[About this task] Write exactly the lines running from the start of the material below to the line that includes "L’aluminium est un", and include no pictures.

[Data extract]
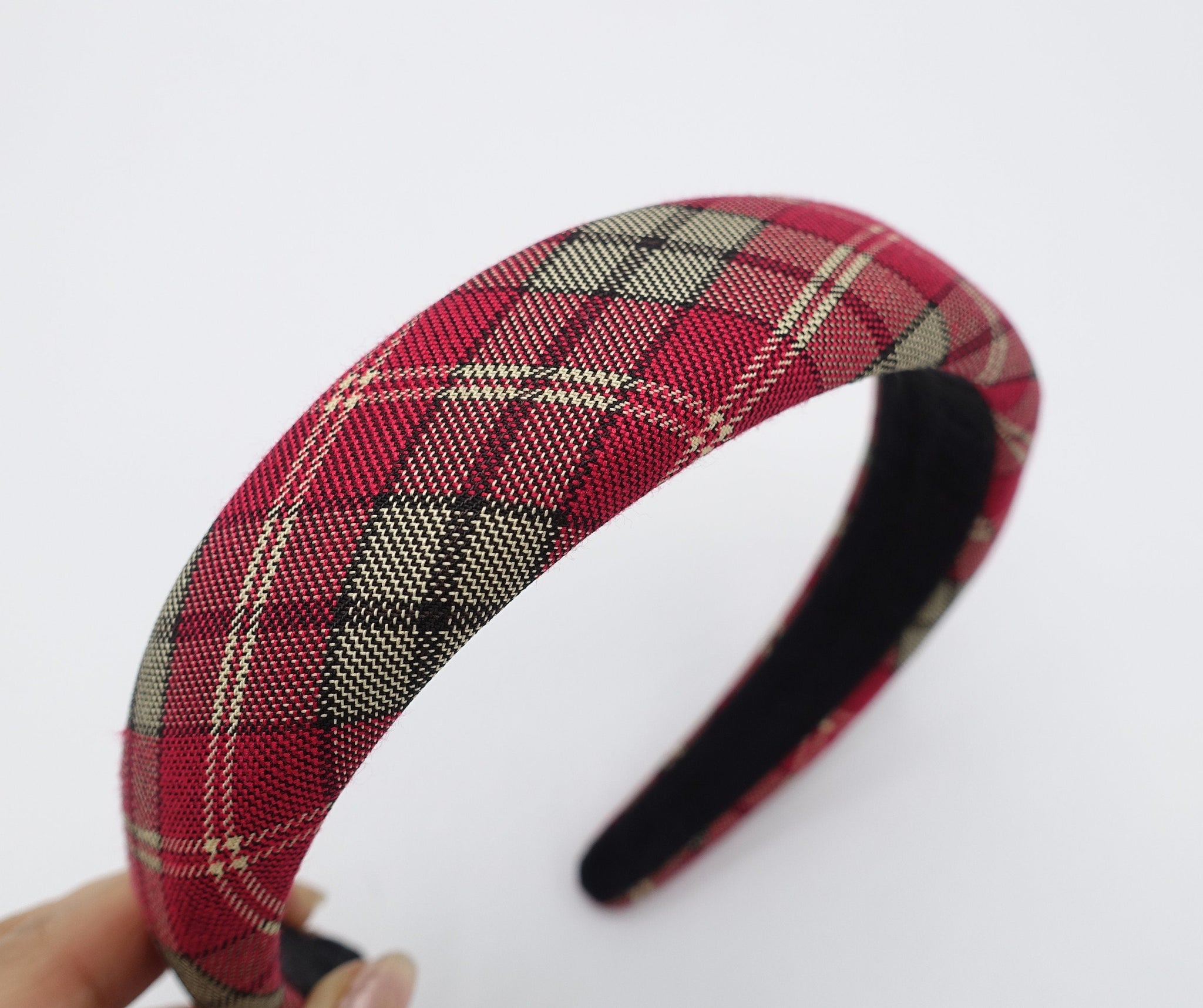 veryshine.com Headband Red wine plaid headband padded hairband shop for women
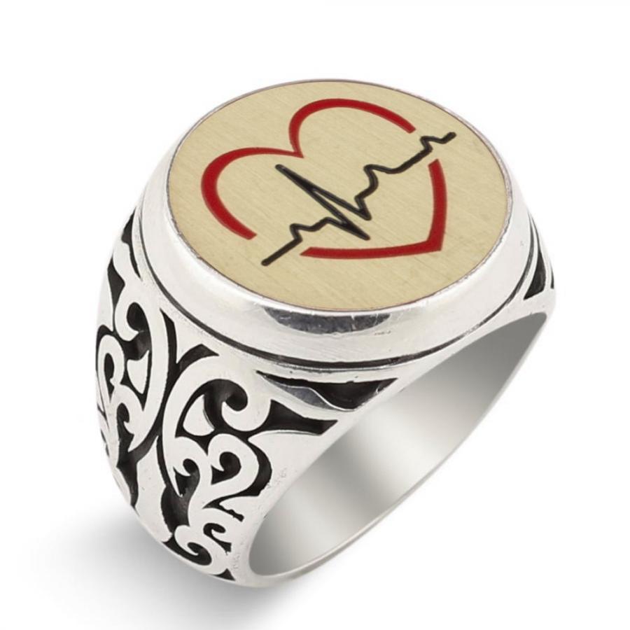 Eigenschaften des Herz-Rhythmus-gemusterten Silberrings: Hergestellt aus 925er Sterlingsilber. Es wiegt etwa 21 Gramm. Der Ring ist mit cremefarbener Emaille versehen.
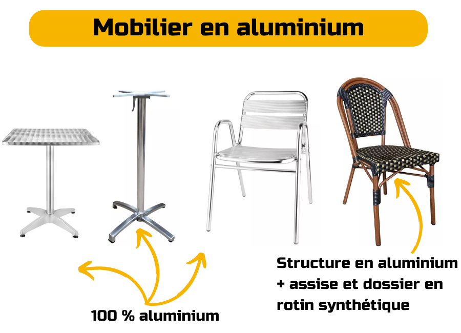 L’aluminium est un matériau qui est également très léger. Il est très tendance et donne un aspect industriel à la décoration. Nous vous proposons des tables restaurant 100 % en aluminium ou avec des plateaux en rotin. Nous proposons également une gamme Bolero de chaise en aluminium.
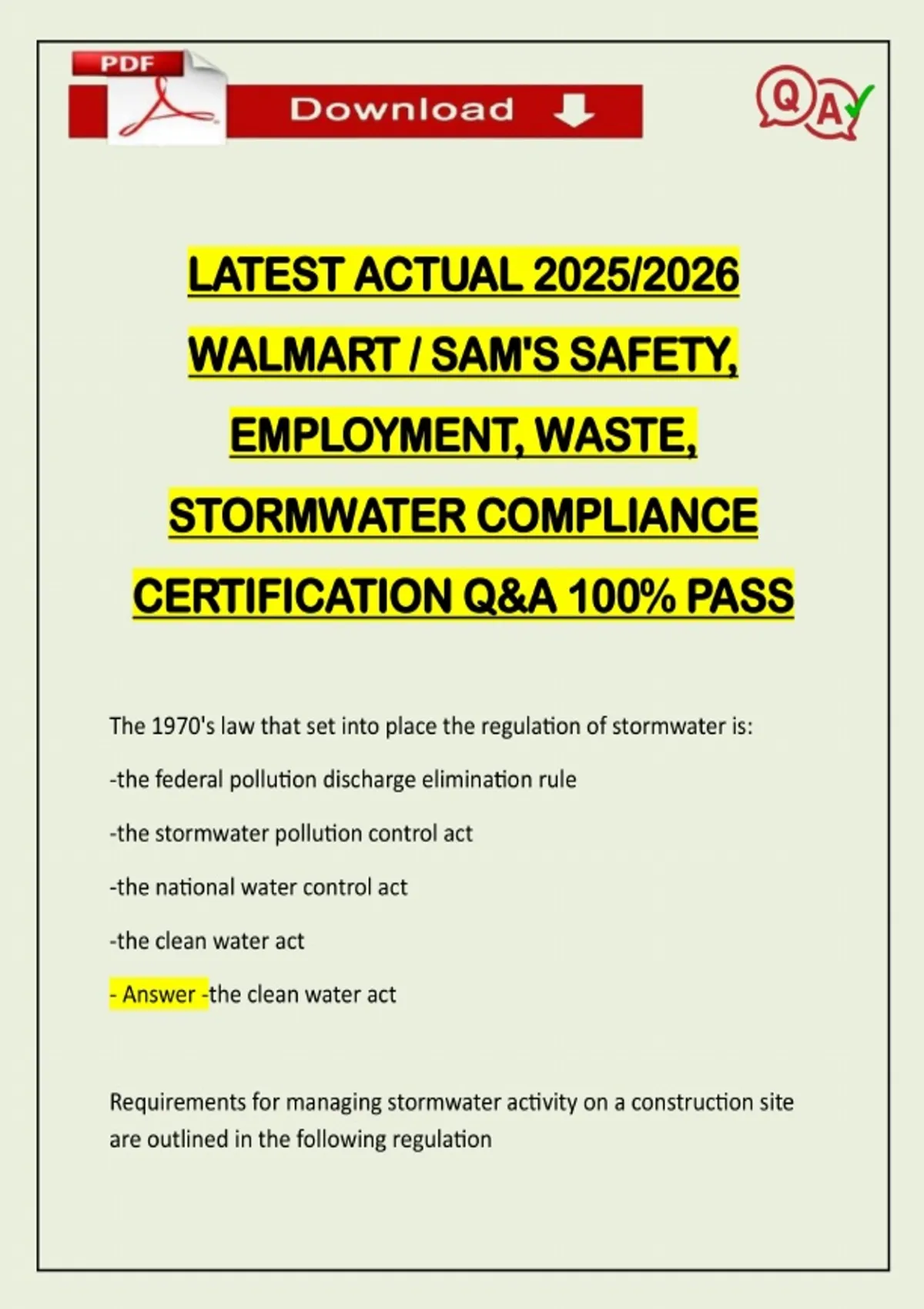 LATEST ACTUAL 2025/2026 WALMART / SAM'S SAFETY, EMPLOYMENT, WASTE, STORMWATER COMPLIANCE CERTIFICATION Q&A 100% PASS The 1970's law that set into place the regulation of stormwater is: -the federal pollution discharge elimination rule -the stormwater pollution control act -the national water control act -the clean water act - Answer -the clean water act Requirements for managing stormwater activity on a construction site are outlined in the following regulationNeed assistance on Online classes, Exams & Assignments? Reach out for instant help!! Full Course Assistance, Plagiarism-free Essay Writing, Research Paper, Dissertation, Discussion Posts, etc…. Confidential & Secure services. Tutors are available for all subjects! Email now at: -NOI -NPDES -NOT -DOT - Answer -NPDES Which of the following is never an allowable stormwater discharge from a construction site? -discharge from b

[Result]
 veryshine.com Headband Red wine plaid headband padded hairband shop for women
 Eigenschaften des Herz-Rhythmus-gemusterten Silberrings: Hergestellt aus 925er Sterlingsilber. Es wiegt etwa 21 Gramm. Der Ring ist mit cremefarbener Emaille versehen.
 L’aluminium est un matériau qui est également très léger. Il est très tendance et donne un aspect industriel à la décoration. Nous vous proposons des tables restaurant 100 % en aluminium ou avec des plateaux en rotin. Nous proposons également une gamme Bolero de chaise en aluminium.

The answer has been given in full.